WHAT THE TASK ASKS
When you reach the line holding "Die Wohnung ist", please begin to restate the lines word for word and continue through the last one in the material, excluding pictures.

INPUT DATA Start Marker

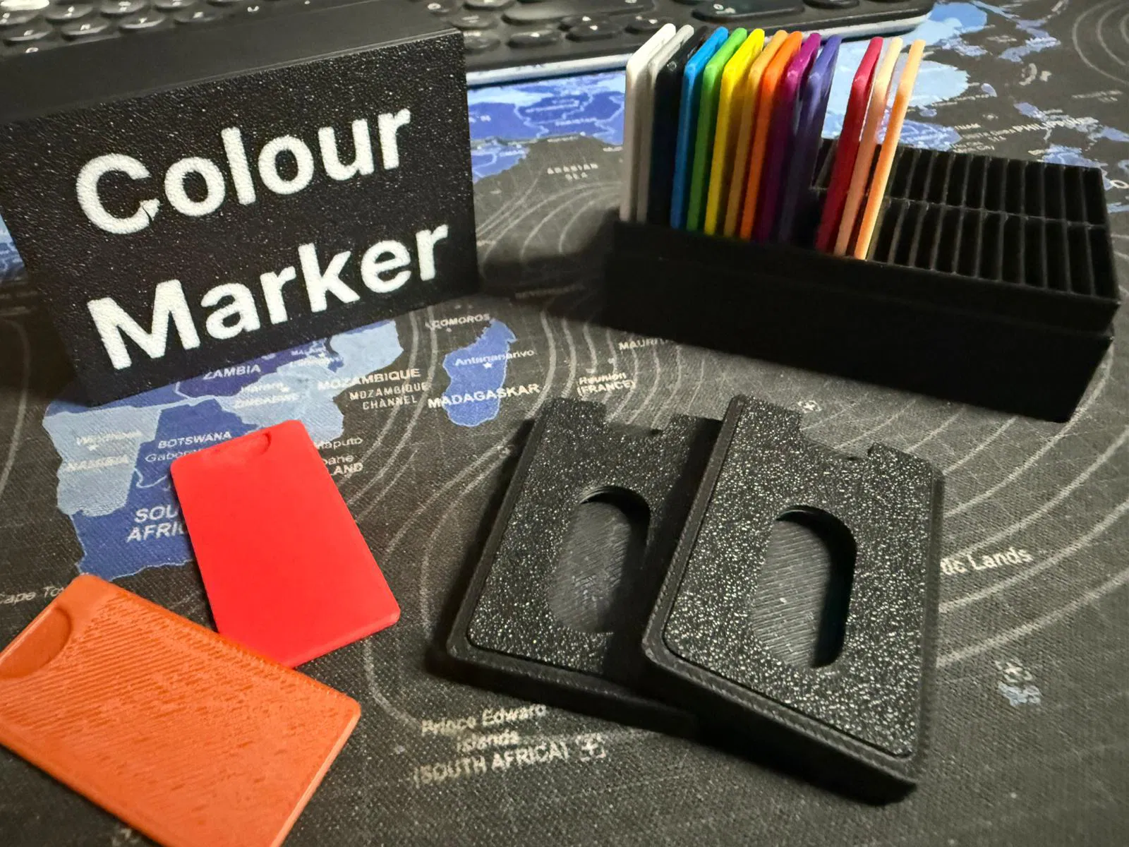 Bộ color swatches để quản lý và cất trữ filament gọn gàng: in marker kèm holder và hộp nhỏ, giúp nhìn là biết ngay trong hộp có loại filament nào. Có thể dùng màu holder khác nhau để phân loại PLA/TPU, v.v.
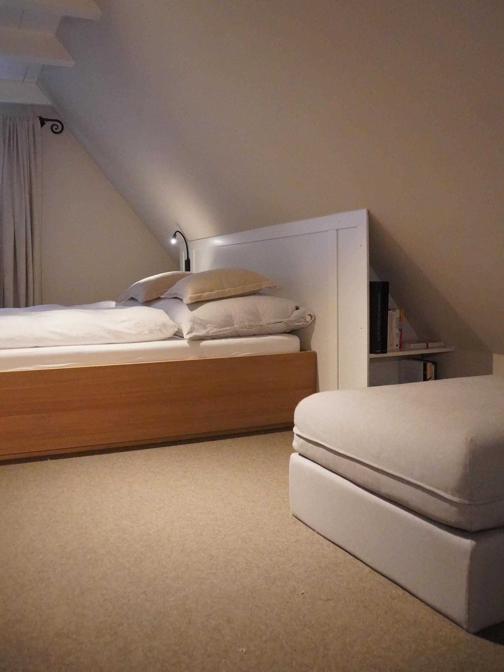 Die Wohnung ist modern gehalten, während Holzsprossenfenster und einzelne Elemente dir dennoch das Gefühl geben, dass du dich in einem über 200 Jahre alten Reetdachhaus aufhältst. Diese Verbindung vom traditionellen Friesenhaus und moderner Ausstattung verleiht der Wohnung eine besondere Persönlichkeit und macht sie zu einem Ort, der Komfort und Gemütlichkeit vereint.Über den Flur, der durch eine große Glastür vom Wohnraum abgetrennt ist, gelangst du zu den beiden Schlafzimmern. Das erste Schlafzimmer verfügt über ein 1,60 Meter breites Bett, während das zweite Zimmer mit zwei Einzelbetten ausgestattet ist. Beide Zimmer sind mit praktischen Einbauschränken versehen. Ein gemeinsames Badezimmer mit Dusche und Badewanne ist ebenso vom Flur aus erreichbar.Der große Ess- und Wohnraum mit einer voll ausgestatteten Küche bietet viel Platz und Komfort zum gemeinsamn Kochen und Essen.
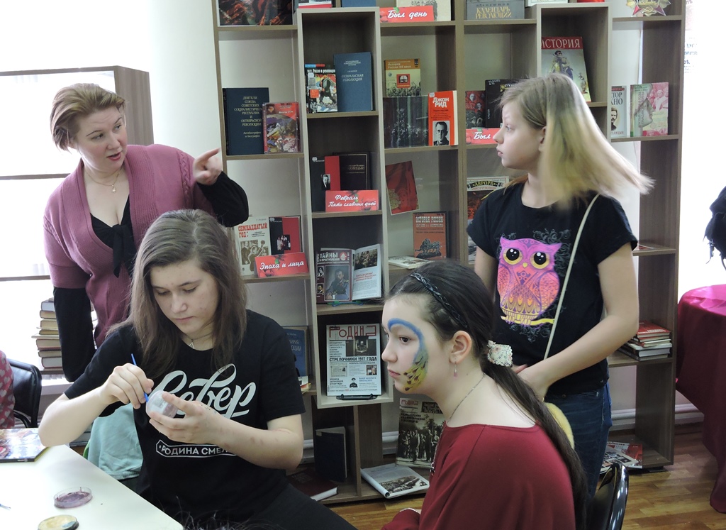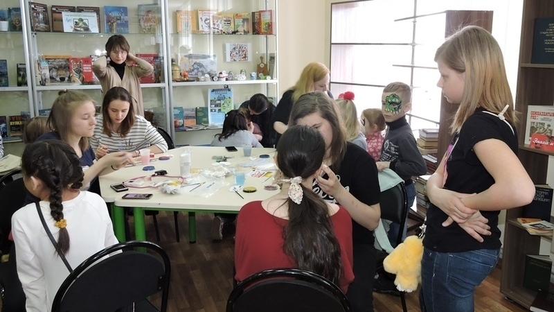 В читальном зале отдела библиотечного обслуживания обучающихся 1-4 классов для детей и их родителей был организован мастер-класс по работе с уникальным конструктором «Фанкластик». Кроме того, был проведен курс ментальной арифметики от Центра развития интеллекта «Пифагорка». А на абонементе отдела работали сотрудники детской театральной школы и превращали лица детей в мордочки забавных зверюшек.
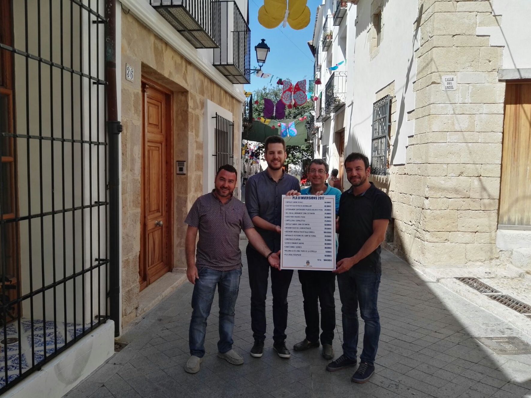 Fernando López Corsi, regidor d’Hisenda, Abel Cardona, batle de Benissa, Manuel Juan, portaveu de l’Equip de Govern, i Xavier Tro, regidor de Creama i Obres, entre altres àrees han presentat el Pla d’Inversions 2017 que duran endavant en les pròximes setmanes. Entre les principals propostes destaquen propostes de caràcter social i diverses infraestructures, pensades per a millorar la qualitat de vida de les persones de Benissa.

INPUT DATA End Marker

SOLVED PROBLEM
 Die Wohnung ist modern gehalten, während Holzsprossenfenster und einzelne Elemente dir dennoch das Gefühl geben, dass du dich in einem über 200 Jahre alten Reetdachhaus aufhältst. Diese Verbindung vom traditionellen Friesenhaus und moderner Ausstattung verleiht der Wohnung eine besondere Persönlichkeit und macht sie zu einem Ort, der Komfort und Gemütlichkeit vereint.Über den Flur, der durch eine große Glastür vom Wohnraum abgetrennt ist, gelangst du zu den beiden Schlafzimmern. Das erste Schlafzimmer verfügt über ein 1,60 Meter breites Bett, während das zweite Zimmer mit zwei Einzelbetten ausgestattet ist. Beide Zimmer sind mit praktischen Einbauschränken versehen. Ein gemeinsames Badezimmer mit Dusche und Badewanne ist ebenso vom Flur aus erreichbar.Der große Ess- und Wohnraum mit einer voll ausgestatteten Küche bietet viel Platz und Komfort zum gemeinsamn Kochen und Essen.
 В читальном зале отдела библиотечного обслуживания обучающихся 1-4 классов для детей и их родителей был организован мастер-класс по работе с уникальным конструктором «Фанкластик». Кроме того, был проведен курс ментальной арифметики от Центра развития интеллекта «Пифагорка». А на абонементе отдела работали сотрудники детской театральной школы и превращали лица детей в мордочки забавных зверюшек.
 Fernando López Corsi, regidor d’Hisenda, Abel Cardona, batle de Benissa, Manuel Juan, portaveu de l’Equip de Govern, i Xavier Tro, regidor de Creama i Obres, entre altres àrees han presentat el Pla d’Inversions 2017 que duran endavant en les pròximes setmanes. Entre les principals propostes destaquen propostes de caràcter social i diverses infraestructures, pensades per a millorar la qualitat de vida de les persones de Benissa.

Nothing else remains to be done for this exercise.